**Action item:** Among the entries that follow, find every line with the word "para" and copy it.

:: Material provided ::

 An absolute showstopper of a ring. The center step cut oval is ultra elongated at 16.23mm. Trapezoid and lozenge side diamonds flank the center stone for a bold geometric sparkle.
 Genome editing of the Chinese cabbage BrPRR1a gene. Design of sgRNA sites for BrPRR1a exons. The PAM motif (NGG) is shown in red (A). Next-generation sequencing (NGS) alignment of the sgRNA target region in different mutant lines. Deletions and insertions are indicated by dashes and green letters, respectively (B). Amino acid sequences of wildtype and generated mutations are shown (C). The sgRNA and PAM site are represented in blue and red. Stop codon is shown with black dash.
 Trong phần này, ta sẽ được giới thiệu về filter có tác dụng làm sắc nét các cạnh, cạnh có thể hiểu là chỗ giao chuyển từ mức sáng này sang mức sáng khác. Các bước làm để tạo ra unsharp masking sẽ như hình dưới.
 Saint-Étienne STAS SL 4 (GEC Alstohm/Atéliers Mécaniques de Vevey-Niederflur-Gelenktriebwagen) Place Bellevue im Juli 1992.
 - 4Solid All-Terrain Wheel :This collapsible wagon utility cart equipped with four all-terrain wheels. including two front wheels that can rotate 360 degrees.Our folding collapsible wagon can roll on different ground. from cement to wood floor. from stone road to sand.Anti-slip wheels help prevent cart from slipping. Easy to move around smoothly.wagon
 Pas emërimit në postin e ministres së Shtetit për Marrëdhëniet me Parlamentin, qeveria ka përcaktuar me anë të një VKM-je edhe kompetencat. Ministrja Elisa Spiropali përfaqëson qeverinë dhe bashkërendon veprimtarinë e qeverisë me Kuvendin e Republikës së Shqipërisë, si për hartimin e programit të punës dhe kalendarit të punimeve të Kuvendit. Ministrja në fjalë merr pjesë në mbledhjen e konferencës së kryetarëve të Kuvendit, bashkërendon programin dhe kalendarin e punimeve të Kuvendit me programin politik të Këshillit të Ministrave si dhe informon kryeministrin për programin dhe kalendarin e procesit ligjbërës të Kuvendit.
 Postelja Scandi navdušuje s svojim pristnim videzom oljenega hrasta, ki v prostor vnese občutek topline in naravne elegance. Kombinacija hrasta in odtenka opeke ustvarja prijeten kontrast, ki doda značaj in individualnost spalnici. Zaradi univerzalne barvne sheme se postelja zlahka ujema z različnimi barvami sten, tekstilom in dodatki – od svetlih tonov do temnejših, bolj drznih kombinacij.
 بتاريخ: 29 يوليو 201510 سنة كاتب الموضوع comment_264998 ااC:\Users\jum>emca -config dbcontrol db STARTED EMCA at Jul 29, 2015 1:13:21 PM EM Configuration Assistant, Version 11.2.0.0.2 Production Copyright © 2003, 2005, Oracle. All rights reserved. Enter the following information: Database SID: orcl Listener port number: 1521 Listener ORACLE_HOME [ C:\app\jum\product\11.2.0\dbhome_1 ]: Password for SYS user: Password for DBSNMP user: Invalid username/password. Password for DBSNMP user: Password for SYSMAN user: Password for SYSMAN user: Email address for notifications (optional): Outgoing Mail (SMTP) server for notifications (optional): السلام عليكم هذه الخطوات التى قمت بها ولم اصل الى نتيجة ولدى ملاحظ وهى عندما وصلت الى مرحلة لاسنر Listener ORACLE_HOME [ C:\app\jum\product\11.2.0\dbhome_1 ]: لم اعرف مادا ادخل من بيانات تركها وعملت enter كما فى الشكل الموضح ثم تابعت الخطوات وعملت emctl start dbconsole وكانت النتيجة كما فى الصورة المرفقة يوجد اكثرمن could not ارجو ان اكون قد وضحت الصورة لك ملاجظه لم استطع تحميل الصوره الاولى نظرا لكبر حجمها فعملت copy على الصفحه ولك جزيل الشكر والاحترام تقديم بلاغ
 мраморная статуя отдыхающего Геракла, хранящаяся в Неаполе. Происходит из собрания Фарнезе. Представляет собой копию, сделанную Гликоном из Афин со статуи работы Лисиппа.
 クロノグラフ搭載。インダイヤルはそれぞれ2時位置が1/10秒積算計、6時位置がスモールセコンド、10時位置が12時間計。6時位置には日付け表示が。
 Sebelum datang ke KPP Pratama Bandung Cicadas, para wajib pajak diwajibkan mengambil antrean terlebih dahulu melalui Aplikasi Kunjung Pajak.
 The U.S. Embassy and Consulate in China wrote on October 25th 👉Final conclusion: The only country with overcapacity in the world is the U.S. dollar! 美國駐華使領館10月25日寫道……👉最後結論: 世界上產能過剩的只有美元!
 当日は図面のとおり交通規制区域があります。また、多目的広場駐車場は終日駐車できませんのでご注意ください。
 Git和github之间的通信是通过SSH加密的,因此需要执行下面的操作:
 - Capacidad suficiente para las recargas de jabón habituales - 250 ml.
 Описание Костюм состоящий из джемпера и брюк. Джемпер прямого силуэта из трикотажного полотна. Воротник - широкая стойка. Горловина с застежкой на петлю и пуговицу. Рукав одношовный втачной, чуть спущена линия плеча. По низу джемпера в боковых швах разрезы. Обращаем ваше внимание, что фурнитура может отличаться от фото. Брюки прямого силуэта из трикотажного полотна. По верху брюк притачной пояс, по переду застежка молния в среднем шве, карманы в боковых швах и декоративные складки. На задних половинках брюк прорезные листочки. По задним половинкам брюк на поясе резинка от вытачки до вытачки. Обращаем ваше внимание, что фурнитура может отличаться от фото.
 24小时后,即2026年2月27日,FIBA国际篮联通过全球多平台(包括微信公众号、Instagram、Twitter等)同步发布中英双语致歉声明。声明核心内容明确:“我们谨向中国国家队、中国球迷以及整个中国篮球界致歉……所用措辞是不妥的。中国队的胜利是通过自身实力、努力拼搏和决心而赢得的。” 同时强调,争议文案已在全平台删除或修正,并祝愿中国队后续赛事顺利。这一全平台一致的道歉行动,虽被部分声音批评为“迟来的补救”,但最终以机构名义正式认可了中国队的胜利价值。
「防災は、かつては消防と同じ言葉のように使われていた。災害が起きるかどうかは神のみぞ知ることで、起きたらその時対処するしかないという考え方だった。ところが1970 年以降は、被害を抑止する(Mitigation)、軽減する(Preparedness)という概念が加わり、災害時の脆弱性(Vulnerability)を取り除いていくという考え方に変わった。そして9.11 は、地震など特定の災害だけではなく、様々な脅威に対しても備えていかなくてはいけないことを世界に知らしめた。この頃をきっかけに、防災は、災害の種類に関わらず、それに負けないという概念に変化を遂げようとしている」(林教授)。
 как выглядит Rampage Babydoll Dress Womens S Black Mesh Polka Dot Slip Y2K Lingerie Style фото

:::

**Solution:**
 Sebelum datang ke KPP Pratama Bandung Cicadas, para wajib pajak diwajibkan mengambil antrean terlebih dahulu melalui Aplikasi Kunjung Pajak.
 - Capacidad suficiente para las recargas de jabón habituales - 250 ml.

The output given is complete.